Submission from Leendert van den Berg received on September 9, 2001 via e-mail
Subject: Consultation Paper on Digital Copyright Issues
To Industry Canada, the Department of Canadian Heritage, the Intellectual Property Policy Directorate and other related agencies:
After reading the CPCDI (Consultation Paper on Digital Copyright Issues, http://strategis.ic.gc.ca/SSG/rp01099e.html ) I feel that I must express my concern with the intellectual property provisions raised in this paper.
It appears that this paper outlines legal issues very similar to those dealt with by the US Digital Millennium Copyright Act (DMCA). The DMCA itself already offers far too much power to publishers while reducing individual's rights, not to mention the fact that it is currently being challenged as unlawful under the US Constitution.
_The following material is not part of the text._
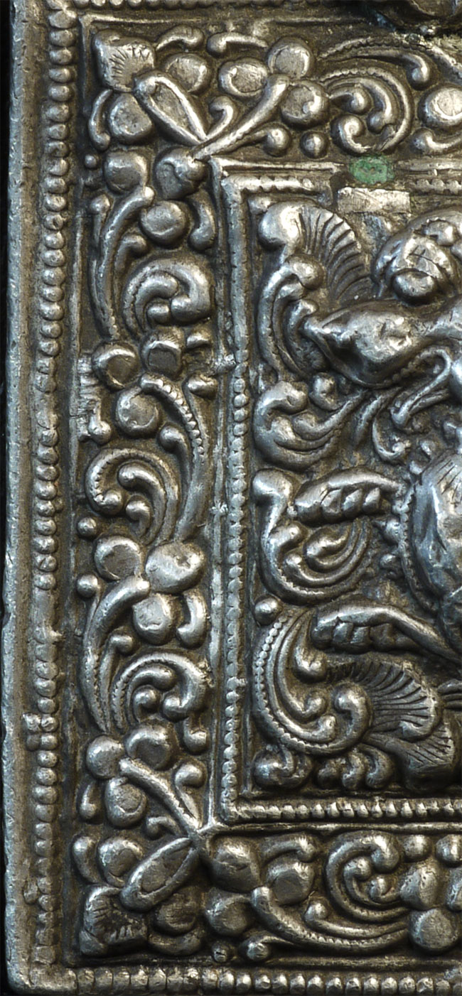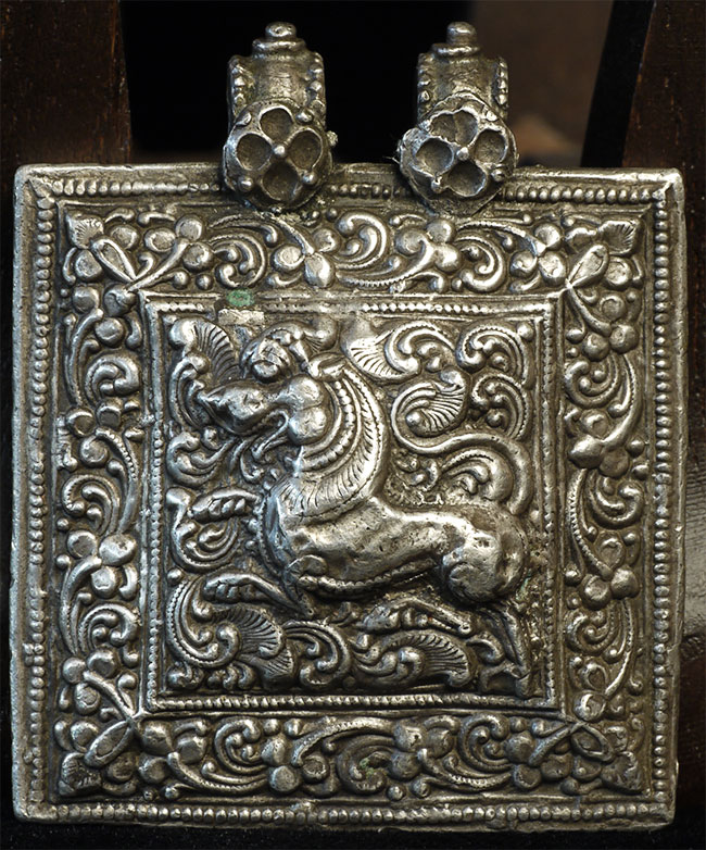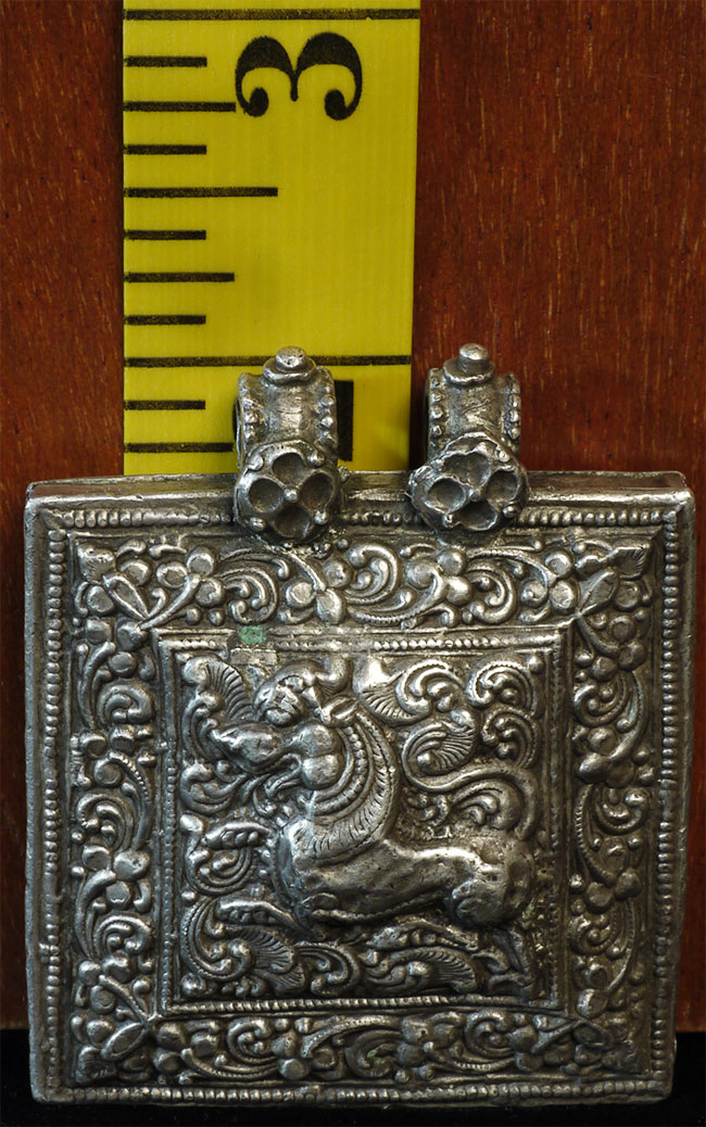 Antique Tibetan, Nepalese, or Indian silver alloy pendant. Possibly a sealed prayer box. Very heavy for its size. Dimensions- 2 x 1.7/8 inches. From an Irish collection of mostly Tibetan Buddhist objects put together in the 1950's and 60's.

At this very moment the RIAA and other related industries have already abused some of the additional power they gained by the DMCA. For example a number of prominent US computer security researchers have been threatened to be sued under certain sections of the DMCA. This simply for their desire to publish a paper on the security flaws in watermarking schemes designed by members of the Secure Digital Music Alternative (SDMI). The threat of a lawsuit solely for the researchers' desire to improve future developments in this area have gravely chilled other scientists' freedom of expression, not only in the US but worldwide.
As a computer engineering student myself I have an interest in computer security and may consider a Canadian university for future graduate research in this area. However, the introduction of laws shaped after the DMCA cause me to fear legal prosecution simply for investigating digital security schemes (in particular those shemes that intend to protect copyrights).
In my opinion the CPDCI provisions only serve the copyright interests of (largely American) corporations, whose main goal is the generation of the largest profits possible rather than individual rights. These CPDCI provisions would amend the Canadian Copyright Act to ban, with few or no exceptions, software and other tools that allow copy prevention technologies to be bypassed. This would violate the Charter of Rights and Freedoms guarantee of freedom of speech, and similar guarantees in the UN Universal Declaration of Human Rights, since such tools are necessary to exercise lawful uses, including fair use, reverse engineering, computer security research and many others.
I urge you to keep in mind the rights of individuals rather than the profit incentives of large corporations. I therefore pledge you to remove these controversial and anti-freedom provisions from the CPDCI language. Although the US government's overly large interest in corporate well-being rather than individual rights has been well reflected in the DMCA, the flaws present in this act should not be imported and forced upon Canadians.